За сорок с лишним лет службы слову у меня было немало радостных, всегда волнующих встреч со своими новыми книгами, оригинальными и в переводах на другие языки, и я покамест не устал от этого. Но все же теперь уже куда более радует властный приход нового замысла, волнение над черновиком, придирчивое, вдумчивое счастье переписывания, вычитка после машинки, когда сначала жаль порушить с места даже букву, а потом — часы и дни новых раздумий над сделанным, новые приступы горькой неудовлетворенности и — новое наслаждение черкания, дописывания, новая правка в корректуре, на страницах книги, которая уже пошла к читателю. Благословенны будьте, такие дни, на сухой тебя лес, нерабочее настроение!..
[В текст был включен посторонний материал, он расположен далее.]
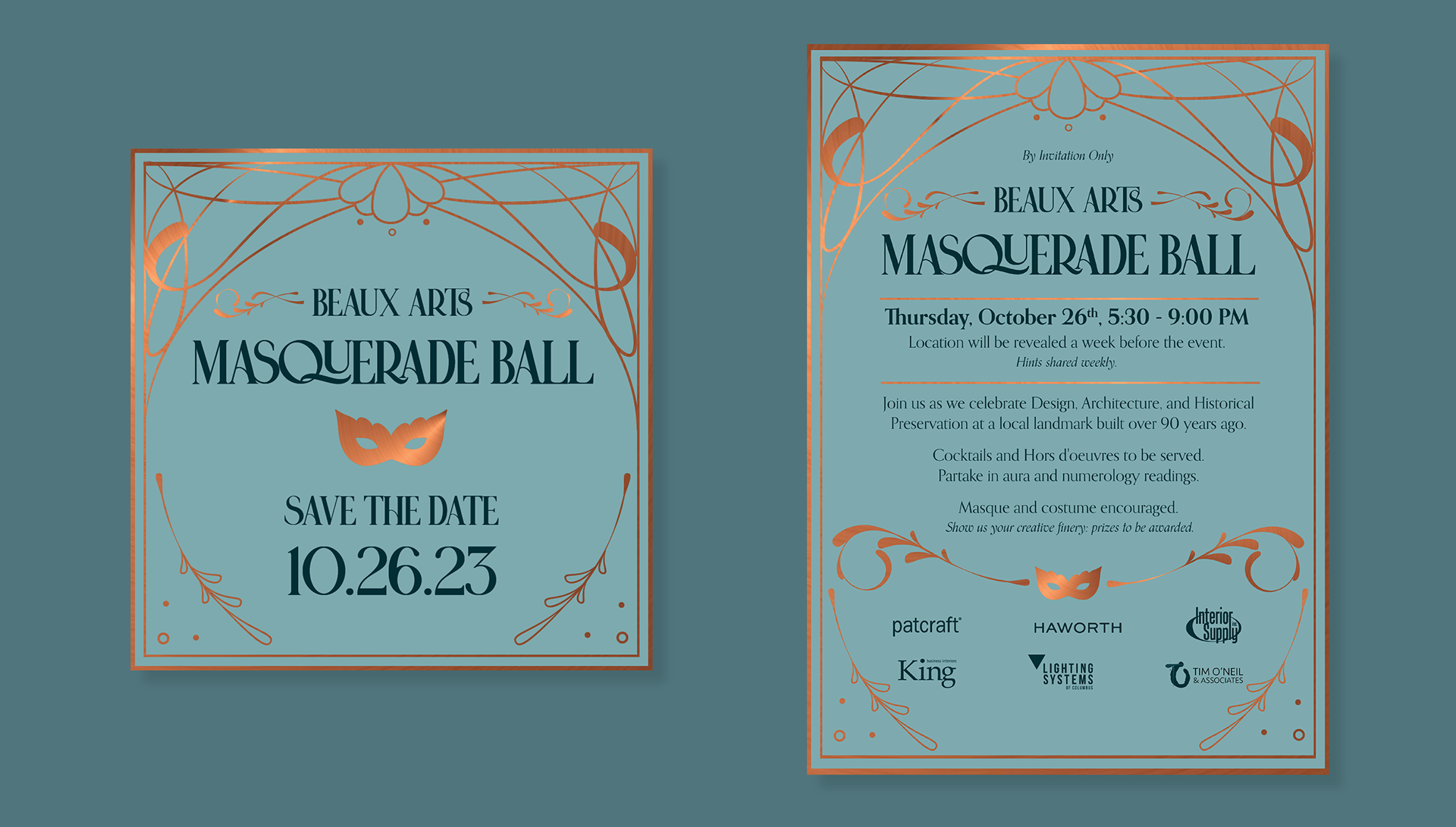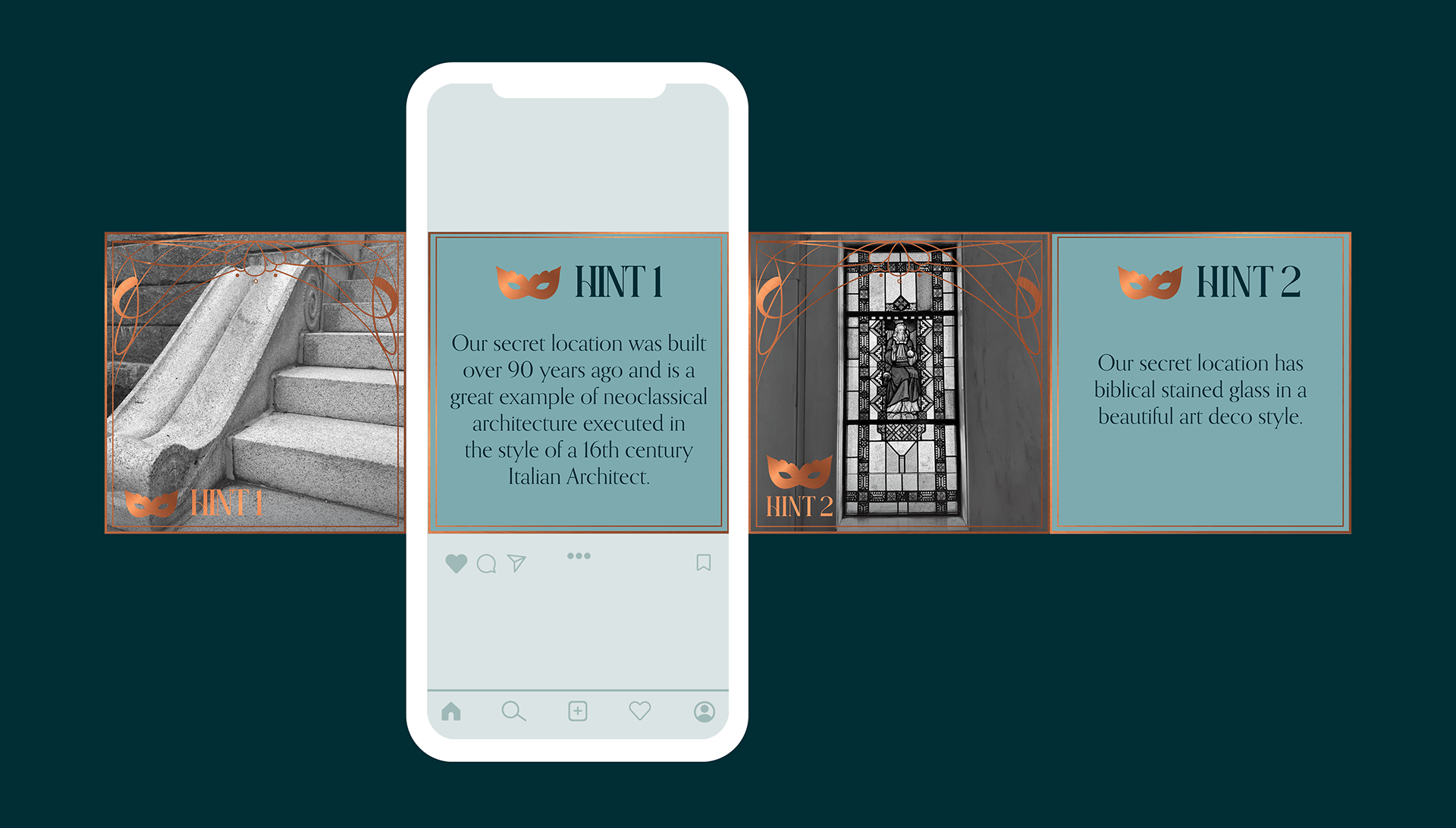 After designing the save the date and invite, I worked with their team to design colalteral that would promote the event and generate interest. To build excitement for the return of the masquerade, the hosts kept the location a secret from their attendees. I created an email marketing and social media campaign that dripped hints and clues about the event location that encouraged attendees to interact with posts and guess where they thought the ball would be hosted. We built this excitement into a reveal of the historic location two weeks before the event.
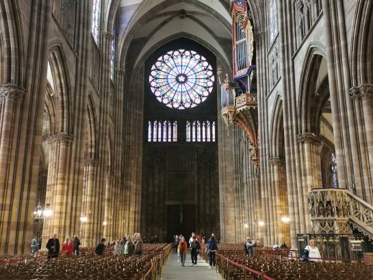 In der Hauptstadt des Elsass angekommen, steuerten wir zunächst das Wahrzeichen der Stadt an, das Straßburger Münster. Hier bewunderten wir besonders die großen bunten Kirchenfenster und die astronomische Uhr im Inneren.
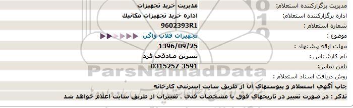 اداره برگزارکننده استعلام: اداره خرید تجهیزات مکانیک
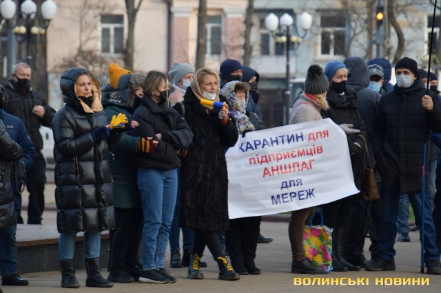 Як повідомлялося раніше, 11 листопада тисячі працівників кафе та ресторанів у Луцьку вийшли на протест проти карантинних обмежень. 16 листопада під стіни обласної державної адміністрації знову вийшли підприємці з вимогами скасувати карантин вихідного дня.

Люблю писать рассказы. Иногда даже кажется, что на любую тему могу смотреть только через призму малой формы. Почти все повести и роман стоили мне очень дорого. Хотя и рассказы не все получаются сразу. Если малые, как «Липа и кленик» или «Memento mori», написаны были за один присест, а побольше, «Галя» или «Мой земляк», в два-три приема и потом почти не правились, то такие, как один из первых рассказов, «Праведники и злодеи», или один из последних, «Общинное», имеют по несколько вариантов. Шестистраничную новеллу «Мать» напряженно писал на протяжении недели, а иные, скажем, «Осколочек радуги», переделывал по нескольку раз и правил при каждом новом издании. Корпение это, топтание на месте или нет? Повесть «В семье» я написал весной 1943 года, а заключительную главу се дописал через двенадцать лет. Еще большие «ножницы» между первым и вторым вариантами романа «Птицы и гнезда» — двадцать лет. Нужно ли это, закономерно ли? Чернышевский говорил: «В старости не следует переделывать то, что написано в молодости». А есть и другая точка зрения: Лев Толстой в старости вздыхал, что, если бы еще одна жизнь, все переписал бы заново. Меж двумя такими полюсами — много простора для разумного отношения к своей ответственности перед читателем.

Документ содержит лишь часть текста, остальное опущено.